# sort

Sorting functions

xarray_extras.sort.argtopk(a: TV, k: int, dim: Hashable, split_every: = None) TV

Extract the indexes of the k largest elements from a on the given dimension, and return them sorted from largest to smallest. If k is negative, extract the -k smallest elements instead, and return them sorted from smallest to largest.

This assumes that k is small. All results will be returned in a single chunk along the given axis.

xarray_extras.sort.take_along_dim(a: xarray_extras.sort.T, ind: xarray_extras.sort.T, dim: collections.abc.Hashable) xarray_extras.sort.T

Use the output of argtopk() to pick points from a.

Parameters
• a – xarray.DataArray or xarray.Dataset

• ind – array of ints, as returned by argtopk()

• dim – dimension along which argtopk was executed

xarray_extras.sort.topk(a: TV, k: int, dim: Hashable, split_every: = None) TV

Extract the k largest elements from a on the given dimension, and return them sorted from largest to smallest. If k is negative, extract the -k smallest elements instead, and return them sorted from smallest to largest.

This assumes that k is small. All results will be returned in a single chunk along the given axis.
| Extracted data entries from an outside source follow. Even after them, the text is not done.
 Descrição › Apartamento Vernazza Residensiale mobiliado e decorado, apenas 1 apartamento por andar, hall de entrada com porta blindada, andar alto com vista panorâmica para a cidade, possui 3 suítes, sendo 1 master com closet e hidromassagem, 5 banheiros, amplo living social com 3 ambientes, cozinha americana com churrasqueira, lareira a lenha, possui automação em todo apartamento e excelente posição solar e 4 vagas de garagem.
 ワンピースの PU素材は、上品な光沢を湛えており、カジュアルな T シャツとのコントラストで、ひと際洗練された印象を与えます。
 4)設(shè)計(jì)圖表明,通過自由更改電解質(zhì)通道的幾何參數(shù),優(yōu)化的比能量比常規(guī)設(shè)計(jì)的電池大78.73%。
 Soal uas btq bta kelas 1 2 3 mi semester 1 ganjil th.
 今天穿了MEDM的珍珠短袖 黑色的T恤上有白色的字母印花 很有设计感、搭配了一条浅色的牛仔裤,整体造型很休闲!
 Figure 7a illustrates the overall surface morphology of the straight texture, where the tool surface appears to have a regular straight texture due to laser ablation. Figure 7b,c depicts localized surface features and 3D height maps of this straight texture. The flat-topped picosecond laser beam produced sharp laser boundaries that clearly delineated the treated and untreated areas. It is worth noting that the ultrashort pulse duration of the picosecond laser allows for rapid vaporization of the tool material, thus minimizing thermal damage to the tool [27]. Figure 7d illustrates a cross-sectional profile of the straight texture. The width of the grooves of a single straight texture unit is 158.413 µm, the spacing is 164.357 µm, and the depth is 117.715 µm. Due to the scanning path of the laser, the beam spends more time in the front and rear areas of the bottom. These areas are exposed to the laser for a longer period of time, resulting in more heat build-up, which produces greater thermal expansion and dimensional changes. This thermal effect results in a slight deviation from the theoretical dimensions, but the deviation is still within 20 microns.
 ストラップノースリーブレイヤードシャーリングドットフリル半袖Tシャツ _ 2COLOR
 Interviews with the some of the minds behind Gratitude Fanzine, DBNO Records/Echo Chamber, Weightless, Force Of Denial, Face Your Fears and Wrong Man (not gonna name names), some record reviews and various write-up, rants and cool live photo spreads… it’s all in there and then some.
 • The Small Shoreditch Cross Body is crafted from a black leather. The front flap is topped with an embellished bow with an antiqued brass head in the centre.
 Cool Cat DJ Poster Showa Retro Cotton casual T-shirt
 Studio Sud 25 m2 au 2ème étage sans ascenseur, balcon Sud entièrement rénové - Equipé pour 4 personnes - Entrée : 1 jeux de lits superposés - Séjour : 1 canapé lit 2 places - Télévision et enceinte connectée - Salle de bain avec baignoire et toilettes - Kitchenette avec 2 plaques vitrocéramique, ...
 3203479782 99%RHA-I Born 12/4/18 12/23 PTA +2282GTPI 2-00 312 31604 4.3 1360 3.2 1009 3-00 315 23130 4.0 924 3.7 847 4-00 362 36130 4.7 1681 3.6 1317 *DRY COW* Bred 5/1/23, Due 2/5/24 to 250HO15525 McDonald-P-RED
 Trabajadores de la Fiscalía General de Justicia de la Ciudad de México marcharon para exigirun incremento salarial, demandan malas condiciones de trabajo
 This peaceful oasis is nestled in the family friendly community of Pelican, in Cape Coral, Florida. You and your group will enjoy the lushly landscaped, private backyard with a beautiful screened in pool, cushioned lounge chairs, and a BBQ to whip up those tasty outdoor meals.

An example that uses all of the above functions is source attribution. Given a generic function $$y = f(x_{0}, x_{1}, ..., x_{i})$$, which is embarassingly parallel along a given dimension, one wants to find:

• the top k elements of y along the dimension

• the elements of all x’s that generated the top k elements of y

>>> from xarray import DataArray
>>> from xarray_extras.sort import *
>>> x = DataArray([[5, 3, 2, 8, 1],
>>>                [0, 7, 1, 3, 2]], dims=['x', 's'])
>>> y = x.sum('x')  # y = f(x), embarassingly parallel among dimension 's'
>>> y
<xarray.DataArray (s: 5)>
array([ 5, 10,  3, 11,  3])
Dimensions without coordinates: s
>>> top_y = topk(y, 3, 's')
>>> top_y
<xarray.DataArray (s: 3)>
array([11, 10,  5])
Dimensions without coordinates: s
>>> top_x = take_along_dim(x, argtopk(y, 3, 's'), 's')
>>> top_x
<xarray.DataArray (x: 2, s: 3)>
array([[8, 3, 5],
[3, 7, 0]])
Dimensions without coordinates: x, s